Obama and Erdogan (archive)
Obama and Erdogan (archive)
Reuters

Turkish President Recep Tayyip Erdogan on Thursday criticized U.S. President Barack Obama over his silence following the killings of three young Muslims in North Carolina this week, Reuters reported.

Speaking alongside Mexican President Enrique Pena Nieto during a state visit to Mexico, Erdogan said the silence of Obama, Vice President Joe Biden and Secretary of State John Kerry was "telling" and they should take a position following such acts.

"If you stay silent when faced with an incident like this, and don't make a statement, the world will stay silent towards you," Erdogan charged, according to Reuters.

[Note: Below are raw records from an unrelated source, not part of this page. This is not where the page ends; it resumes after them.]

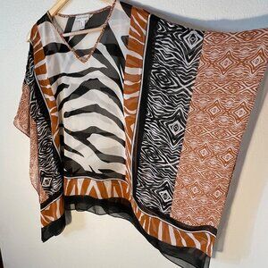 Susan Graver Animal Print Chiffon Scarf Top Size M
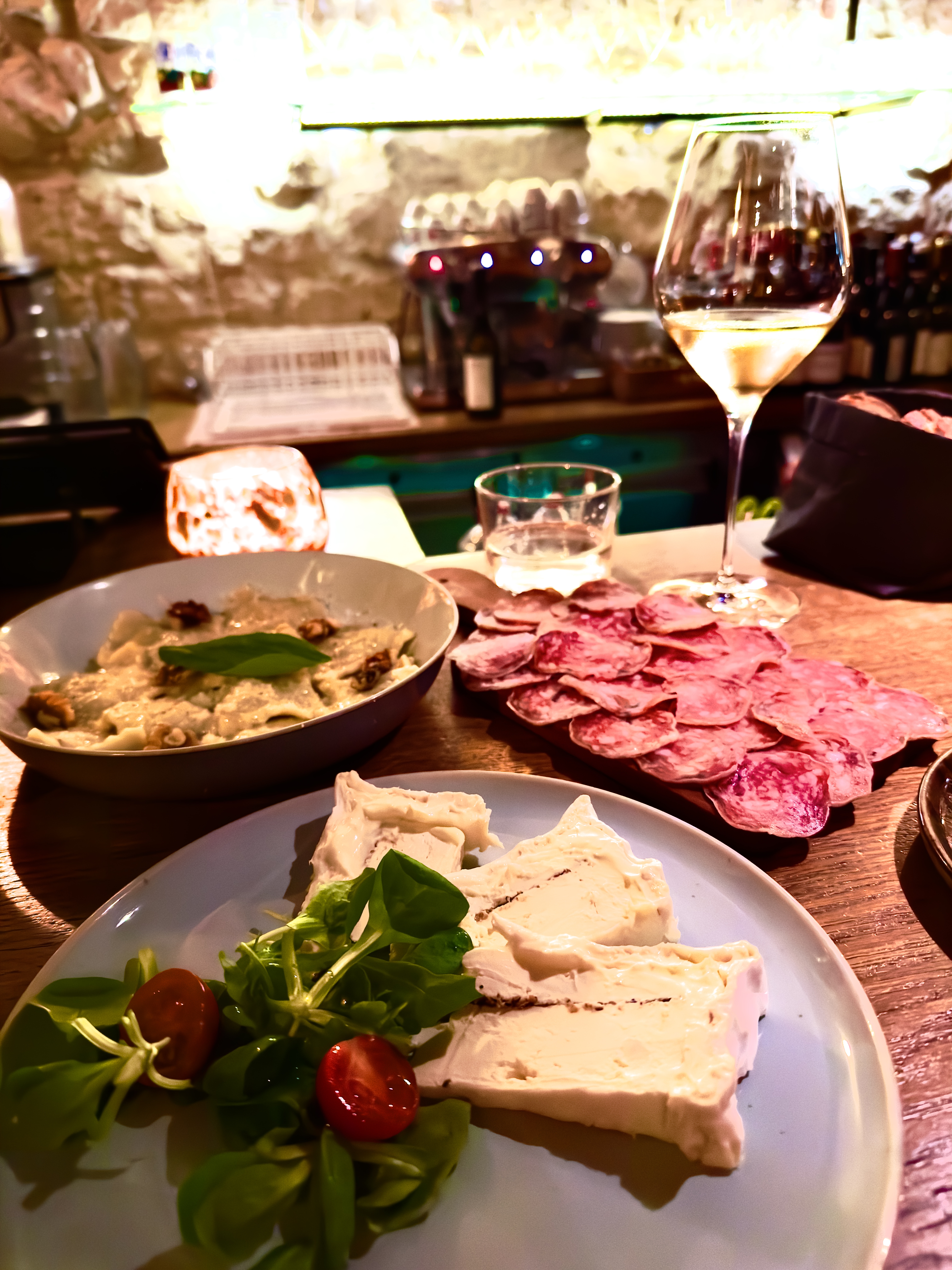 Ce restaurant de charme niché parmi des vieilles pierres offre une ambiance chaleureuse et intimiste. Les tables en bois brut ajoutent une touche rustique à l'atmosphère. Les vins fins accompagnent à merveille les plats à partager superbement exécutés, tels que les raviolis frais, le tartare de bœuf et la burrata exquise. Le patron, attentif aux moindres détails, et le personnel sympathique contribuent à une expérience culinaire mémorable.
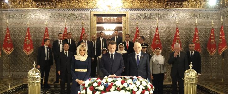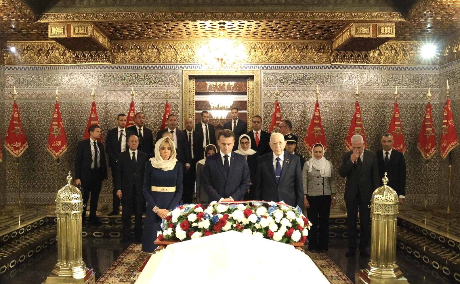 قام الرئيس الفرنسي، فخامة السيد إيمانويل ماكرون، وحرمه السيدة بريجيت ماكرون، اليوم الثلاثاء، بزيارة لضريح محمد الخامس، حيث ترحما على روحي جلالة المغفور لهما الملك محمد الخامس والملك الحسن الثاني، طيب الله ثراهما.
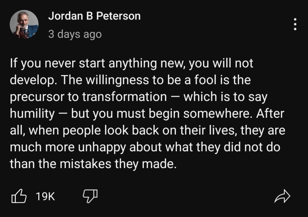 I woke up this morning doing my usual routine which includes making up my bed with a little light exercise and decided to check out Dr. Petersons page to see whats been going on on his side of the world lately. I should add that I also like starting my day on a positive note, so I’ll usually play some music and transition to something informative like a podcast or whatnot. And depending on my day if it’s over an hour I probably won’t sit through the whole thing but, I’ll eventually probably go back for a relisten. Anyways, I was pleaseantly surprised to see the progress of Jordan Petersons current project. For those who dont know he’s really going deep on the Christian Bible and translating and extracting lessons from it to a more modern audience. And you can get this service from literally anyone on the internet but if you follow his work and background I think it would be appreciated that much more. (My words not his) but he gives a lot of insight on the Dark Arts and the motives of neerdowells and the obstacles they tend to inflict on other persons, and without going too deep, his lectures are a decent resource if you want to know that kind of stuff . And apparently he got into a lot of Drama with the Psychology world 🤷♂️ I haven’t done too much research on it so I cant provide too much insight, but it seems he is a man on a mission and if it’s a noble one I wish him well in his endeavors. He has a new book “We Who Wrestle With God” and I would like to pick it up but personally I have a lot of other books on my list, but I look forward to the day when I can give it a read. And in conclusion, I’ll leave a few of his excerpts down below from his YouTube page and as I mentioned in a previous post, if you dont have a Thought leader, find one. (My words) Someone who lines up with your ideals that’s actually striving for something greater than themselves (that’s good) and I’m not saying to drink all the Kool-aid because everybody got some “stuff” goin’ on wether they know it or not. But, find somebody or people that’s figuring it out, wh’os actually honest, humble, and commited to truth . But other than that, stay cool, be kind, and be cautious.
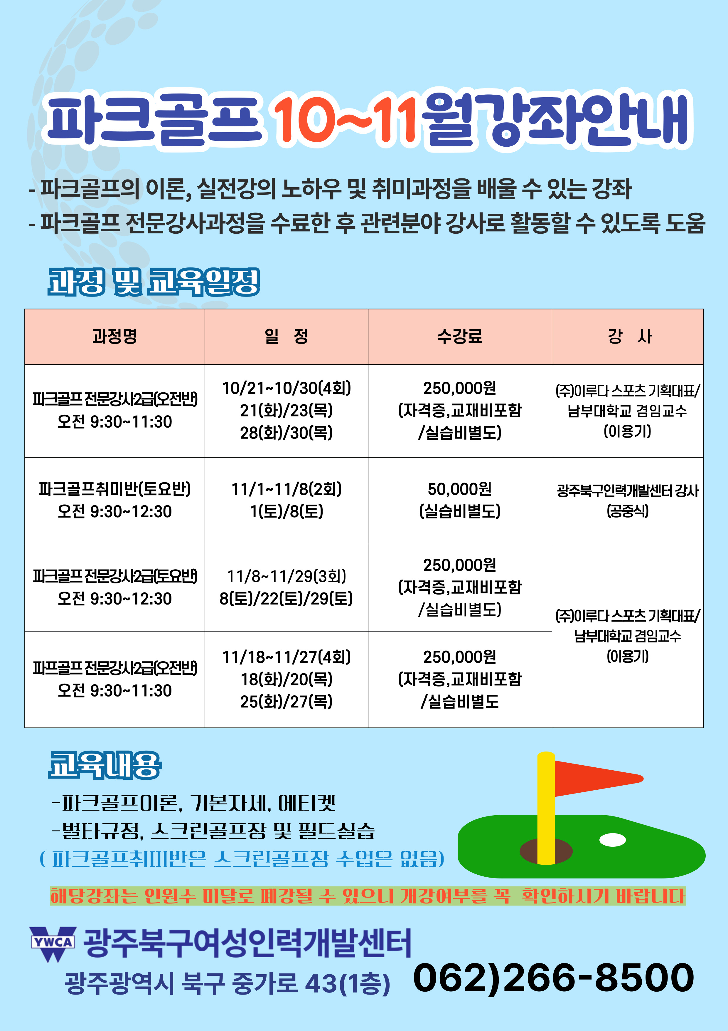 | 155 | 광주북구여성인력개발센터 파크골프 강의 일정표 /현재접수중 | 이루다스포츠기획 | 2025.10.02 | |
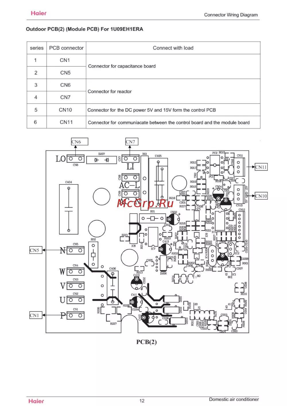 Haier Connector Wring Diagram Outdoor PCB 2 Module PCB For 1U09EH1ERA series PCB connector Connect with load 1 CN1 2 CN5 3 CN6 4 CN7 5 CN10 Connector for the DC power 5V and 15V form the control PCB 6 CN11 Connector for communiacate between the control board and the module board Connector for capacitance board Connector for reactor CN6 CN7 D207 PC2 K0 и и LO о o CNB oo LI о AC L C404 CN11 C4O5 О О О CNH О О CN10 R019 R018 О AC N e о 0201 R217 CN10 CN12 Ж SEE RS2 CN5 О О ТО о CN5 о О CN4 О W Ö Ö О О о о о о о о О IC2 огон R00 С406 R213 С410 CN3 О CN2 иОО CN1 CNl poo PCB 2 Haier 12 Domestic air conditioner
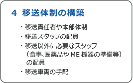 旧スポーツベット ブラックジャックから新スポーツベット ブラックジャックへの移転に当たっては、患者移送を安全かつ円滑に行えるよう、役割分担や車両手配の事前確認に加え、検討漏れになりやすい事項を洗い出し、その対応策についてアドバイスを行いました。また、車椅子やストレッチャーなどの移送手段を考慮した安全な移送ルートの設定、当日のタイムスケジュール作成など、確実な患者移送計画や移送マニュアル策定をお手伝いしました。2度にわたるリハーサルを行ったことで、手順や安全の確認など計画のブラッシュアップができ、当日は円滑に患者移送を終えることができました。
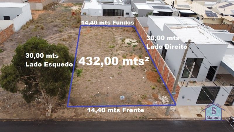 Terreno murado em uma das laterais e fundos, medindo 14,40 metros de frente; 14,40 metros nos fundos; 30,00 metros do lado esquerdo; e 30,00 metros do lado direito, perfazendo 432,00 mts² de área.
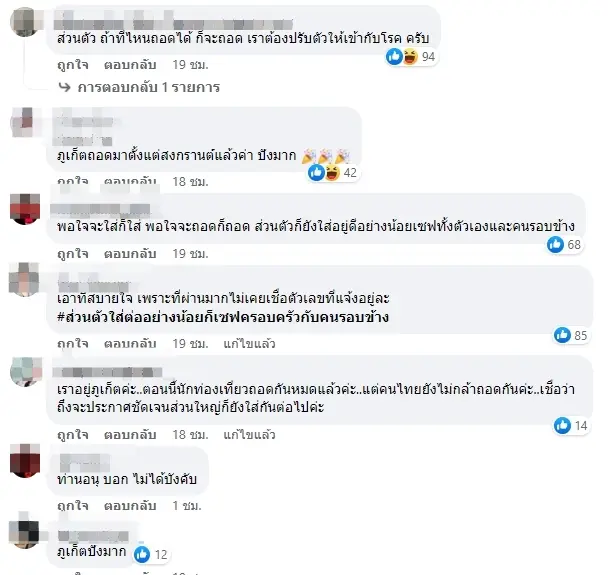 รวมถึงบางความคิดเห็นก็บอกว่า ปกติบริเวณชายหาดก็ไม่สวมหน้ากากอนามัยกัน โดยคนไทยส่วนมากก็ยังใส่อยู่ แต่นักท่องเที่ยว ถอดกันหมดแล้ว เป็นต้น
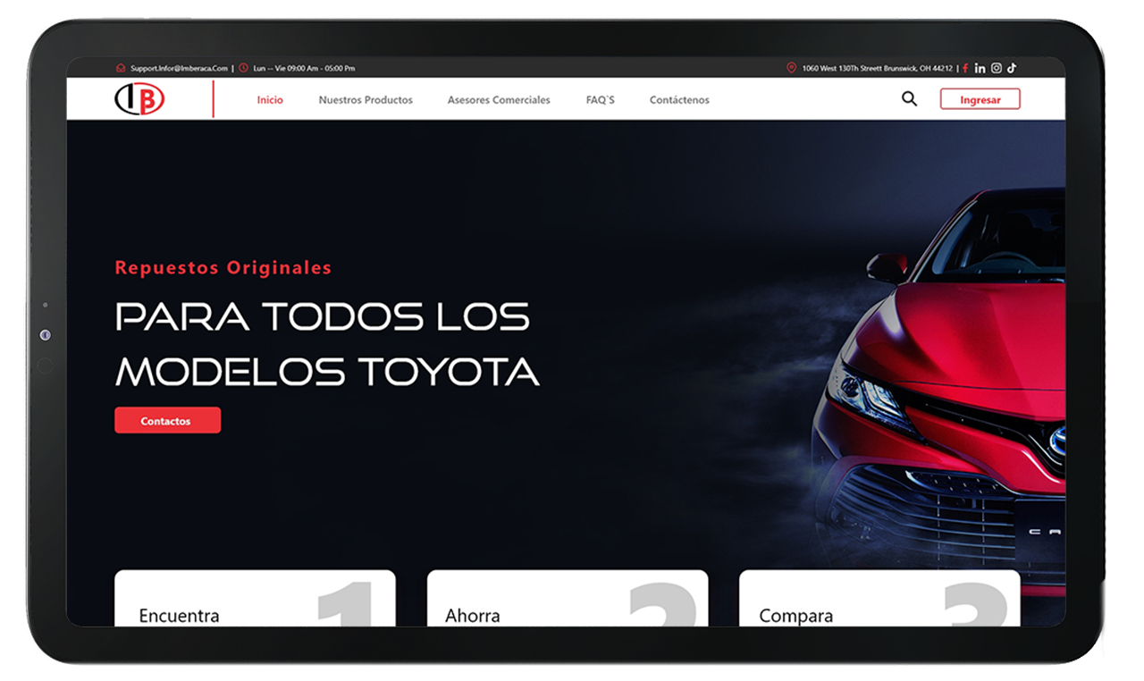 Landing para la empresa de repuestos automotriz Imberaca, contando con un Dashboard de gestión de mercancía y facturación para facilitar el trabajo a los promotores.
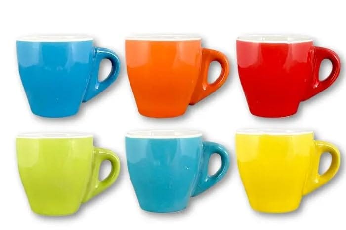 • Zestaw 6 sztuk stożkowe kubki zestaw 6 sztuk kolorowe i hartowane ceramiczne ceramiczne kolorowe stożkowe kubki do kawy • Kolorowe kubki do kawy • Materiał: ceramika • Średnica kubka górnego: 6 cm • Wysokość: 7 cm

The three Muslims were shot dead on Tuesday near the University of North Carolina campus in an incident police said was possibly a hate crime. The White House said on Wednesday it would await the results of the police investigation before commenting.

Newlywed Deah Barakat, 23, a University of North Carolina dental student, his wife Yusor Abu-Salha, 21, and her sister, Razan Abu-Salha, 19, a student at North Carolina State University, were gunned down on Tuesday.

Police charged the couple's neighbor, Craig Stephen Hicks, 46, with murder. Investigators say initial findings indicate a dispute over parking prompted the shooting but they are looking into whether Hicks was motivated by hatred toward the victims because they were Muslim.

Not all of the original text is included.